Als een werknemer tijdens zijn re-integratie weigert om passende arbeid te verrichten, vervalt zijn gehele loonafspraak. De loonstop geldt dan ook voor de uren waarvoor hij nog niet kan re-integreren.
De werkgever is verplicht om passend werk aan te bieden als een werknemer gaat re-integreren, maar nog niet in staat is om dit volledig in zijn eigen functie te doen. Soms weigert de werknemer het passende werk uit te voeren.
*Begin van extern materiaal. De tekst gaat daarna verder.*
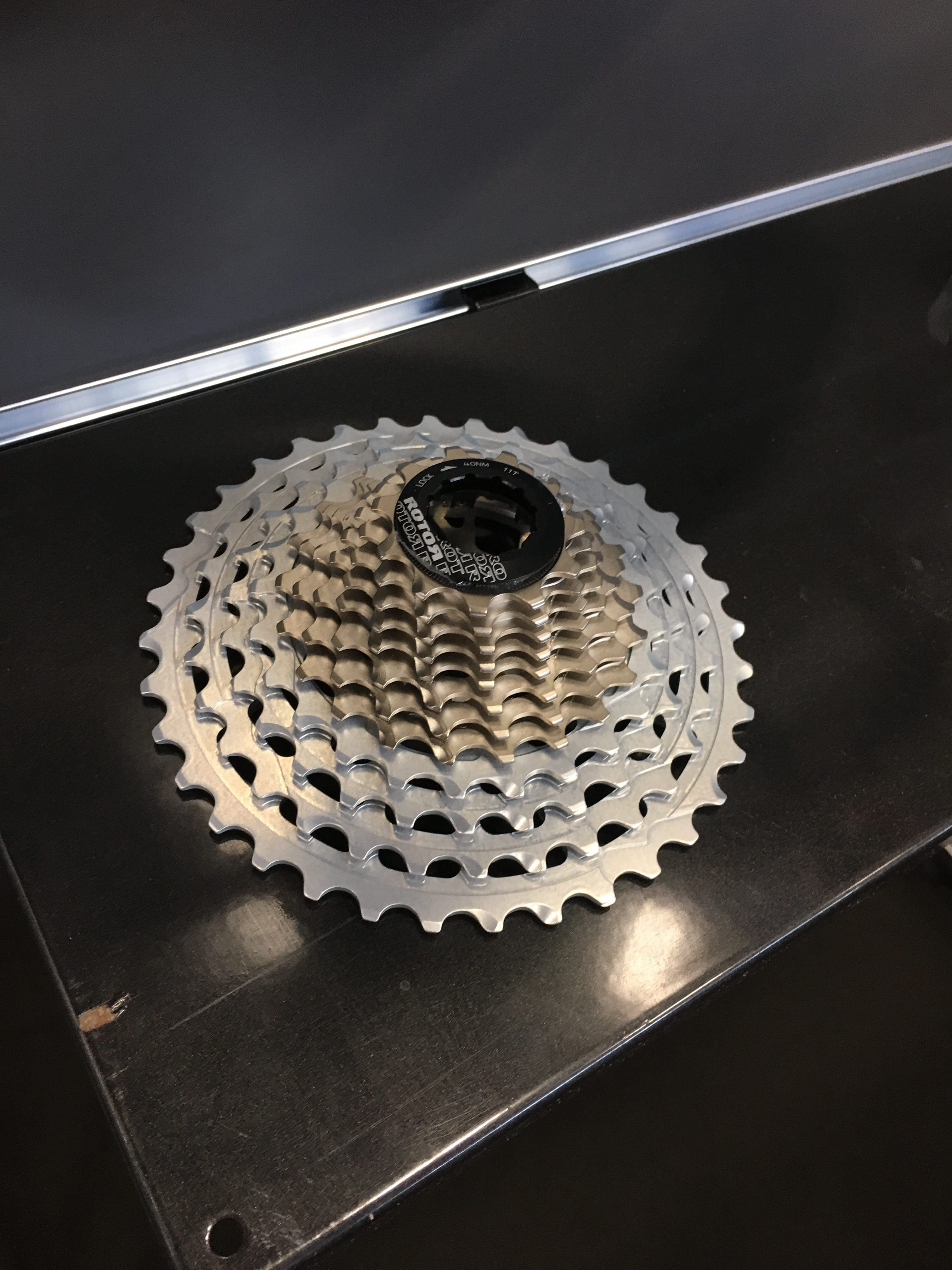 Ici la notion de groupe s’élargit puisqu’elle intègre également les roues, cassette 13 vitesses oblige ! Dans le montant demandé il y a donc une paire de roues avec jantes aluminium ou carbone suivant les versions. Elles sont compatibles Tubeless. Mais ce groupe peut également fonctionner en 12 vitesses moyennant un petit réglage, plus aisé à faire avant de sortir qu’en cas de dépannage au bord de la route. Il est donc aussi disponible à la vente dans « cette version » à 2 000 € mais sans roues et avec une cassette 12 vitesses qui se monte sur les corps HG. Le « groupe » comporte toujours les étriers à disque, les leviers, le dérailleur arrière, la cassette, la chaîne – compatible 12 et 13 vitesses – et un pédalier. Suivant les versions de groupes, on a un pédalier Aldhu ou un 2InPower (avec capteur de puissance). Toujours en mono-plateau, et là on voit large puisqu’on va du 38 au 54 dents en rond ou en ovale. Des dentures sportives car les cassettes 13 vitesses commencent avec 10 dents… Il faut donc des cuisses à partir du 50 dents ! Maintenant les cassettes permettent de grimper aux arbres car on a 10-36, 10-39, 10-46 et 10-52. De gros écarts en perspective malgré les 13 pignons mais de quoi voir venir car on est largement en dessus du tour de roue (2,1 m). La chaîne est compatible 12 et 13 vitesses. En termes de poids, il est difficile de se prononcer pour l’instant dans la mesure où Rotor intègre celui de sa paire de roues – incontournable- dans le calcul !

De werkgever mag dan een loonstop opleggen (verdiepingsartikel).
In artikel 7:629 van het Burgerlijk Wetboek staat in lid 3c dat een werknemer geen recht heeft op loondoorbetaling ‘voor de tijd, gedurende welke hij, hoewel hij daartoe in staat is, zonder deugdelijke grond passende arbeid (…) niet verricht’.
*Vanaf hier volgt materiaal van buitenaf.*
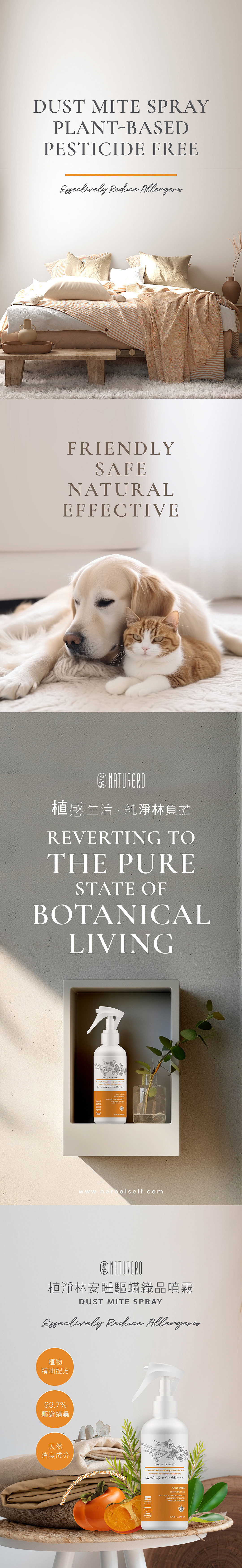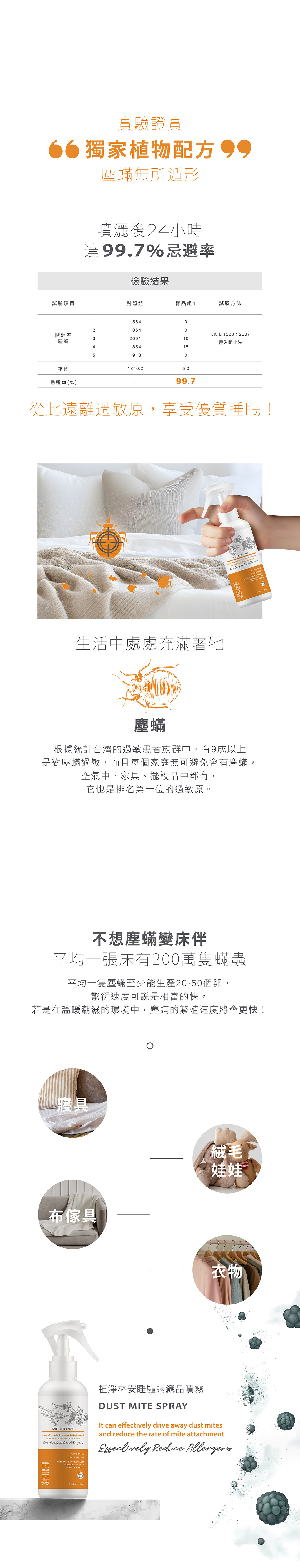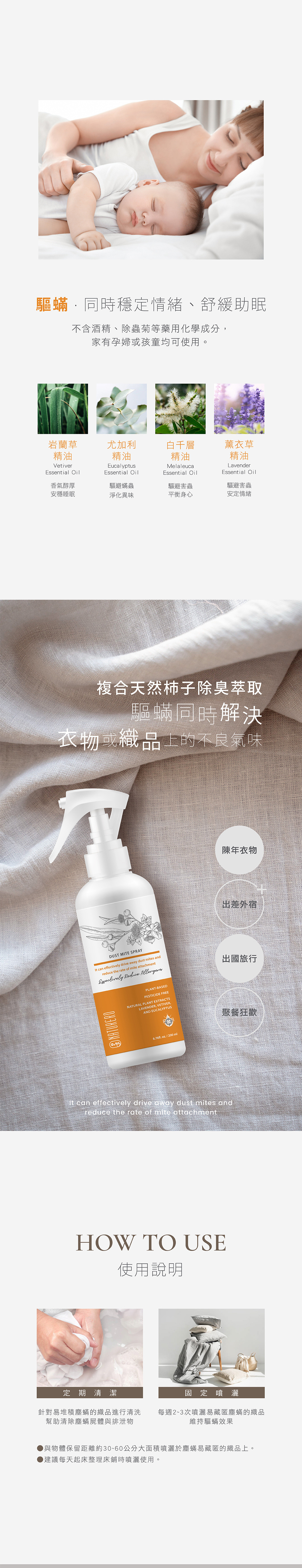 使用方法:距離約30~60公分大面積噴灑於塵蟎易藏匿的織品上,建議每日起床整理床鋪時噴灑使用。

De Hoge Raad stelde vast dat artikel 7:629 BW bedoeld is om de re-integratie en het herstel van een zieke werknemer te bevorderen. De sanctie op overtreding van deze wettelijke bepaling is dat de loonaanspraak volledig vervalt. Dat geldt dus ook voor het deel van de werktijd waarvoor de werknemer arbeidsongeschikt is en nog niet in staat is om te re-integreren. De werkgever moet de werknemer wel eerst waarschuwen (tool) over de consequenties van het weigeren van passende arbeid. Pas daarna kan de loonstop opgelegd worden (tool).
Hoge Raad, 6 juni 2014, ECLI (verkort): 1341
In de wet (7:629 lid 7 BW) staat dat een werkgever alleen een loonstop mag opleggen als hij de werknemer onverwijld heeft laten weten dat er (mogelijk) een grond aanwezig is voor een loonstop. Deze mededeling moet de werkgever zo snel mogelijk doen, nadat bij hem het vermoeden van het bestaan van die grond is gerezen of redelijkerwijs had moeten rijzen. Een werkgever moet dus snel actie ondernemen als de werknemer niet aan zijn re-integratieverplichtingen voldoet. Doet hij dat niet, dan loopt hij het risico het recht op het opleggen van een loonstop te verliezen.